Are we left, then, to live lives with potential unrealized, spiritually incongruent, and unfulfilled? Will the black sheep part of ourselves – perhaps not evidently front and center but certainly left in the margins – become the core of who we are and how we interact with the world?  

As it pertains to Knight’s dramas, a curious occurrence happens to each of these older brothers during the arc of their respective shows, particularly in relation to their younger brothers.  

At some point in every series, Tommy Shelby realizes that despite everything, the one person he needs by his side is his older brother, Arthur. He needs him as he takes down crime boss Billy Kimber and expands the family business; he needs Arthur to be the one to end the vendetta with the American mafia, and, finally, to be his strength and support as Tommy faces his dark and uncertain future in the final series, telling Arthur in the darkness of a damp cellar, “You will change because I need you.”  

Similarly, in House of Guinness, faced with looming political trouble, wanting to expand the brewery, and to continue the family legacy of philanthropy in Ireland, Edward Guinness looks to his older brother Arthur – the only person he can – to fulfill the other half of the inherited partnership and to gain political ascendancy, their father’s MP seat, for the cause of good. He needs him.  

How do these older brothers—otherwise unfit for duty—respond?  

In each case, paradoxically, they don’t crumble under the weight of expectation, but heartily rise to the occasion, becoming the man who their younger brother needs them to be. They are able to do this, by the way, not because there was some secret unfulfilled potential inside them all along (clearly they are who they are), but because despite their self-destructive patterns, the older brothers actually step up when needed because the younger brothers treat them as though they are worthy of being needed.  

Put another way, having worthiness ascribed to them makes them feel worthy, and the result is that they change, they deliver, and their own self-worth changes with it.

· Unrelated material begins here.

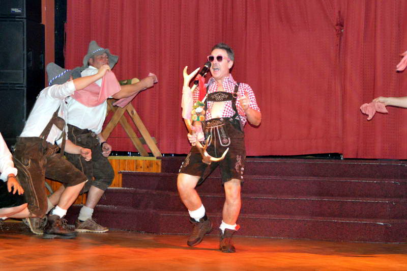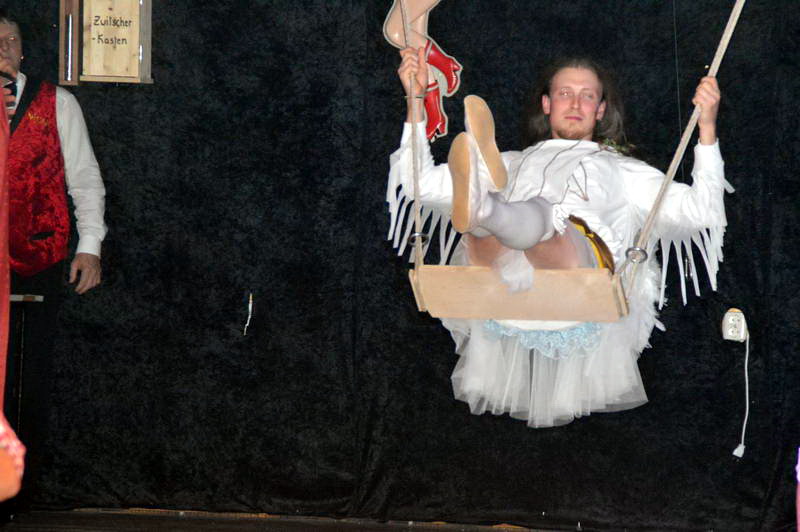 Traditionell wurde der letzte Auftritt innerhalb der Tombola durch das Männerballett gestaltet. Die Darbietung war ein bunter Strauß an einzelnen Auftritten, die miteinander verwoben wurden. Ilka Bause (Karina Wermann) moderierte die Sendung "Bauer sucht Frau" und stellt auch ein paar besonders stattliche Exemplare dieser Gattung Mensch vor. Um sich besser zu präsentieren, zeigten diese einen "Manteltanz", der zwar sehr zur Erheiterung des Publikums, aber nicht zu Heiratsanträgen der Närrinnen geführt hat. Den Abschluss bildeten ein paar bayerische (zumindest auf jeden Fall alpenländische) Jungs mit einem Tanz, bei dem als Gastsänger Andreas Gabalier (Andreas Vollstädt) auftrat und ein wahrhafter Engel mit wehendem Haar über die Bühne schwebte.
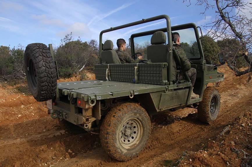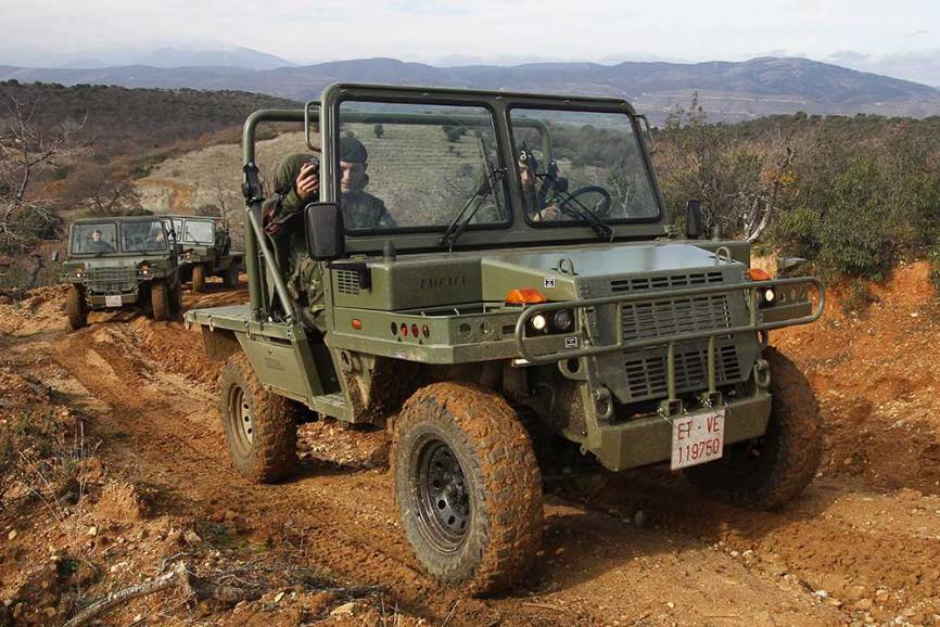 Para realizar el rodaje campo a través se quitaron las capotas de los VEA.(Julio Maíz /defensa.com)

They each become, as it were, a new man. 

What are we to draw on from this?  

Returning to Christianity’s understanding of relationships – with both God and one another – we find its second essential claim: it is that God knows that our lives are not perfect and harmonious, that we do struggle, that we do have dreams and expectations unrealized, all of which can, depending on the severity, leave one quite weighed down and without a clear path forward.  

If there is good news that can be spoken into that state (and there is), it is that God is not a father with his arms crossed forever disappointed in his firstborn. He is a father who sees the whole picture, knows all the facts, and he has done something about it in the great narrative arc of the Christian story – the crucifixion and resurrection of Jesus. The result of which is that we flawed individuals are seen not as those who fail to love and obey God perfectly but as those who are worthy of being wanted.  

If we can learn anything from these brothers in Knight’s dramas, it is that we need not climb out of imperfection and into success to be unburdened. We find that being seen as worthy is enough. And that changes – as it does for Arthur Shelby and Arthur Guinness – everything.